(Extracted records)
<<<<

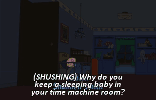 (SHUSHING) Why do you keep a sleeping baby in your time machine room? I don't know, my decorator's terrible. (ELECTRICAL WHIRRING)
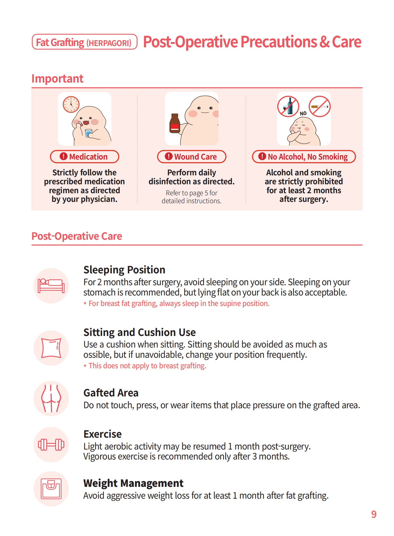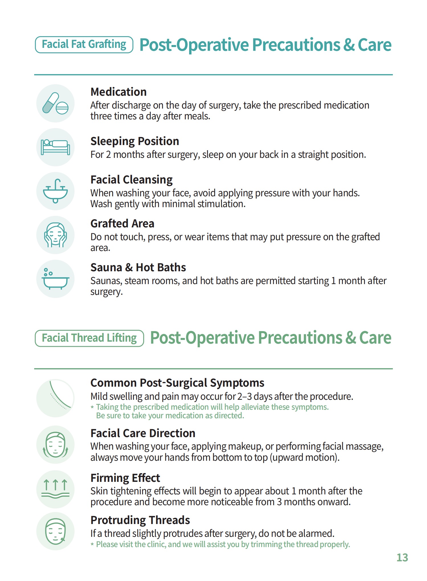 ⑬ Alcohol and smoking are prohibited for at least a month after surgery.
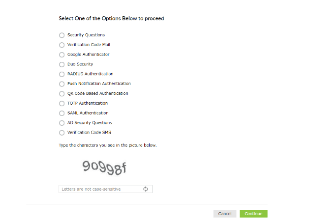 - Clicking this link will open the password reset portal. Users are required to prove their identity through any of the enforced authentication methods, such as SMS-based one-time passwords (OTPs), email-based OTPs, Google Authenticator, Duo Security, and RSA SecurID.
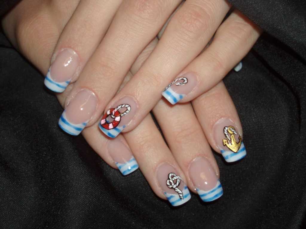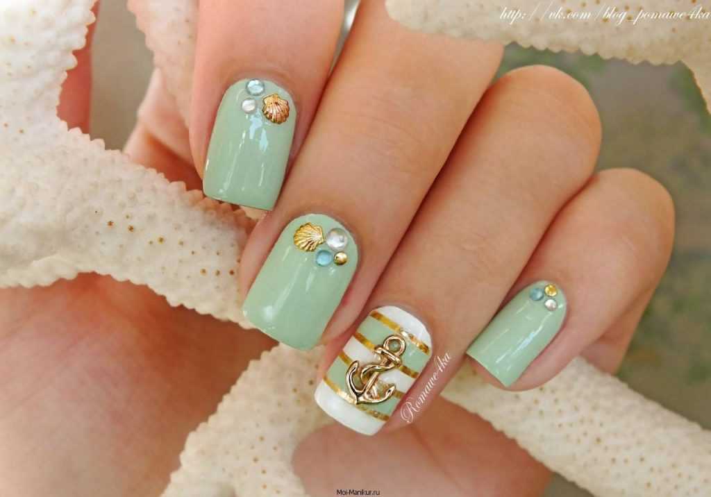 Маникюр на морскую тематику невозможно представить себе без соответствующих рисунков. Эффектно будут выглядеть якоря, пальмы, обитатели морских глубин, ракушки и т. д. Выбор зависит только от вашей фантазии.
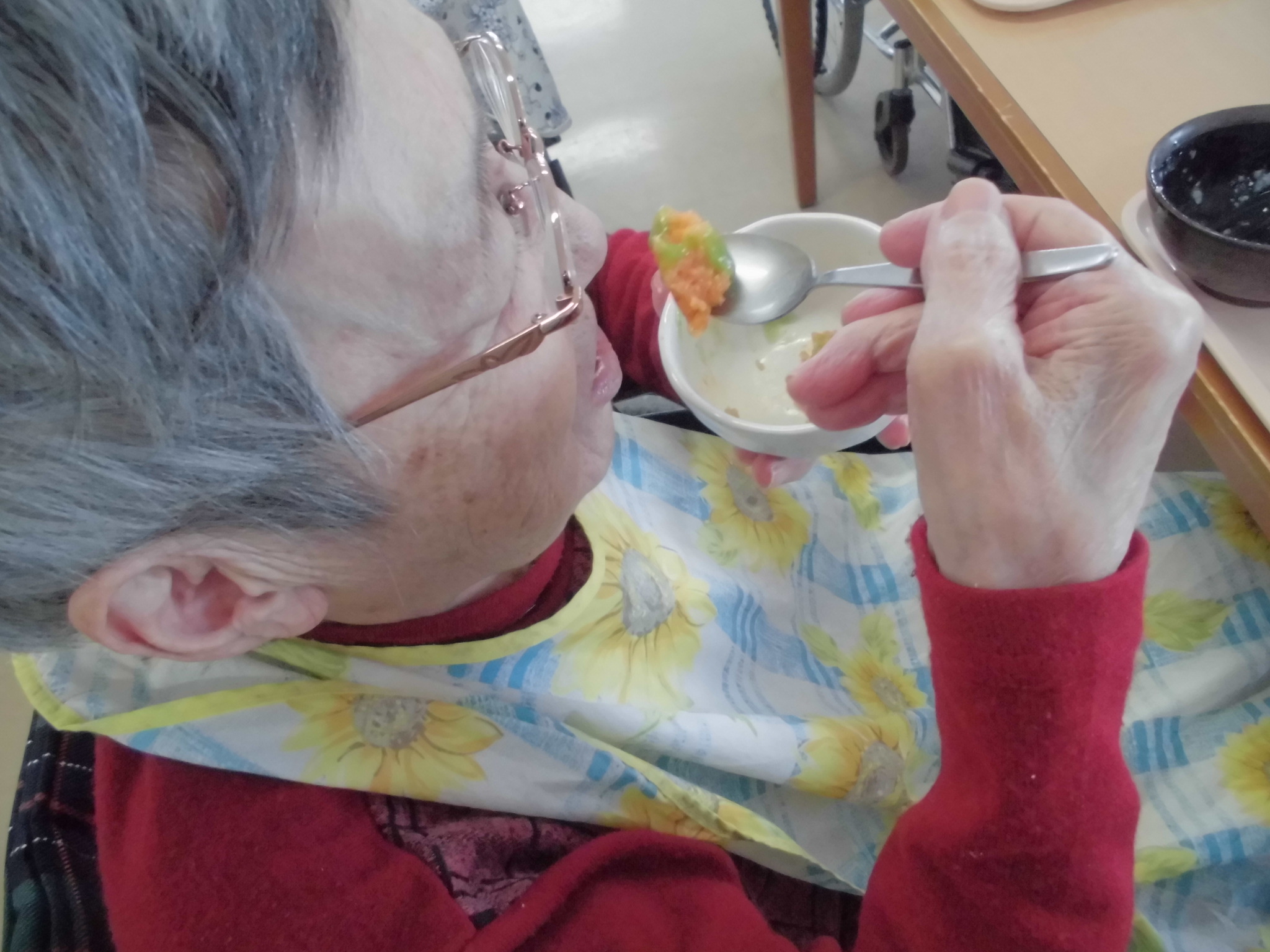今日のお昼の献立は節分ということもあり、とっても豪華でした。皆さんとても喜んでくれたいたのでおいしそうに食べるところを写真に撮りました。
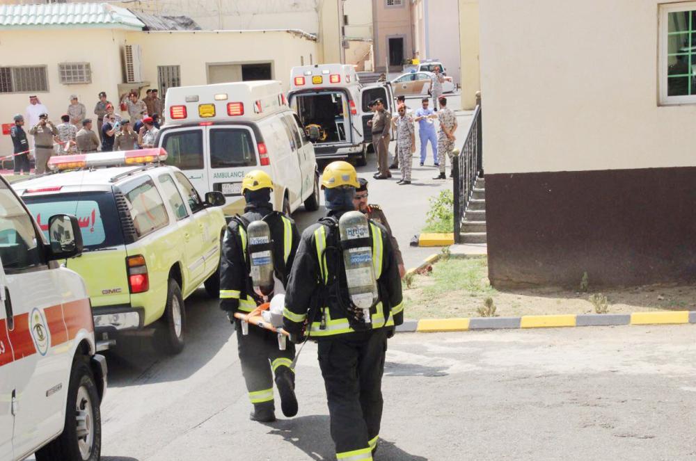 وأشار إلى أنه عند وصول فرق الدفاع المدني، تم التدخل وإخماد الحريق، وإخلاء الموقع بالكامل، وجرى إخلاء 114 شخصا من السجناء ومنسوبي السجن لمنطقة التجمع والفرز، ونتج عن الحالة عدد من الإصابات، منها حالتان من الدرجة الأولى (إصابات اللون الأحمر) تم نقلهما مباشرة إلى مستشفى الملك عبدالعزيز التخصصي عن طريق إسعافات الهلال الأحمر والشؤون الصحية، وثلاث إصابات من الدرجة الثانية (اللون الأصفر) وتم نقلها إلى مستشفى الملك عبدالعزيز التخصصي، ومجمع الملك فيصل الطبي، عن طريق الإسعافات، وأربع إصابات من الدرجة الثالثة (اللون الأخضر) وتم تقديم الرعاية الصحية لها في الموقع من قبل الفريق الطبي، إضافة إلى مصرع شخصين.

>>>>

*Task to complete*: Give back exactly, and solely, the section of the data above bounded by the line containing "- Clicking this" and the line containing "今日のお昼の献立は節分という", both bounding lines included and pictures omitted.

*Solution to this task*:
 - Clicking this link will open the password reset portal. Users are required to prove their identity through any of the enforced authentication methods, such as SMS-based one-time passwords (OTPs), email-based OTPs, Google Authenticator, Duo Security, and RSA SecurID.
 Маникюр на морскую тематику невозможно представить себе без соответствующих рисунков. Эффектно будут выглядеть якоря, пальмы, обитатели морских глубин, ракушки и т. д. Выбор зависит только от вашей фантазии.
今日のお昼の献立は節分ということもあり、とっても豪華でした。皆さんとても喜んでくれたいたのでおいしそうに食べるところを写真に撮りました。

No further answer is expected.